I’ve worked in the area of relationship violence for a while, beginning with my first year in college.  At first, I got involved with rape crisis because I was lonely, away from home for school, and thought that the girls in National Organization for Women, a club associated with the rape crisis facilitators’ group, were cool and might make good friends.  I was a pretty vanilla kid from nowhere Ohio, and they were (it appeared to me) cosmopolitan, hip, interesting women whose innate coolness might with some luck rub off on me.  My selfish motives led me into a career where I actually found value, deep friendships, meaning, and excitement, as well as a developing understanding that there are many ways human beings like to hurt one another, as well as diverse and incredible ways they find to survive and discover beauty in the ugliness of living.  It led me back to church, and it dragged me to my utter surprise into recognizing a call to ministry.  Now, that’s gotta be redemption.  Out of my selfishness and deep loneliness, my lack of self-identity and confidence, God made a way for me to live with meaning.  

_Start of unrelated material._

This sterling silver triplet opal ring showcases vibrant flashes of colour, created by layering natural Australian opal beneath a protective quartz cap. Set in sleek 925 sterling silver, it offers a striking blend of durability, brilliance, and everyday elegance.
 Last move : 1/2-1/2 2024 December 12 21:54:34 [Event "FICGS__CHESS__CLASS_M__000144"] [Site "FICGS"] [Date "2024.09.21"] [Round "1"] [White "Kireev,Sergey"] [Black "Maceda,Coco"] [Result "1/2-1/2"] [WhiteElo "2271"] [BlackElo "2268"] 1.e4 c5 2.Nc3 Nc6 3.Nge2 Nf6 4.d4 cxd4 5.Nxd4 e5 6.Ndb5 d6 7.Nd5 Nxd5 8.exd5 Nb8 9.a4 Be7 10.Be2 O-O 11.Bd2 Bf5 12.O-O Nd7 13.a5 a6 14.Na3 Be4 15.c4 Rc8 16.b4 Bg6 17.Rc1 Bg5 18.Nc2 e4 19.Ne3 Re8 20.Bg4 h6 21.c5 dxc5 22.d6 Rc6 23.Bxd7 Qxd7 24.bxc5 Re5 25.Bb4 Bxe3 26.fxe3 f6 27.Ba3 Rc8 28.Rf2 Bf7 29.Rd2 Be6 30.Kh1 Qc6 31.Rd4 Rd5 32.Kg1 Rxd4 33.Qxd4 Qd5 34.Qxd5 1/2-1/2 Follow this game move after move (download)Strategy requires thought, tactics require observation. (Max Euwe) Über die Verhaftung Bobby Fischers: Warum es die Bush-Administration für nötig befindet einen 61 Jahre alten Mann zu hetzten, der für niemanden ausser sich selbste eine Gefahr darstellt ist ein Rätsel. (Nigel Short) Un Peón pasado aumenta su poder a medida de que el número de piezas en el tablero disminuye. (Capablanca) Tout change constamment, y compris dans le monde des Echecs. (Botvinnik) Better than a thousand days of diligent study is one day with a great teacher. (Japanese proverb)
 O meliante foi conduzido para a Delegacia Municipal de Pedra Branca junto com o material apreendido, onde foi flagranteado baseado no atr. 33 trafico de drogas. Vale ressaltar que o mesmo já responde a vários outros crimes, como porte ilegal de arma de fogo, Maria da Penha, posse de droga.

Further yet, out of the times when I’ve strayed away from the way, making terribly destructive personal choices or making apparently good decisions out of intensely selfish motivations or striving to enforce my own fickle will on mapping the direction of that path, God’s still somehow been able to bring me back.  Not always to the same place I would have been before, but somewhere for my good.  Like Tim Gunn says, God “makes it work.”  This gives me hope for the people in my life who make me want, even need, to believe in hell, in a place where the baddies suffer.  If God’s looking out for this vanilla girl with no apparent magically special characteristics or goals, watching what I’m doing and paying enough attention that I’m getting guided and helped along my stumbling way, then I absolutely have to believe that the same God’s got an eye on the ones who are doing serious damage to themselves and others even beyond what I’ve been capable of so far.  Gotta believe it.  Which means they’re getting second and third chances, too.  I hope it’s true.  I think it must be.  It seems as though our motivations don’t really matter much to God… just that we’re human and somehow mysteriously special.  And that, friends, is salvation.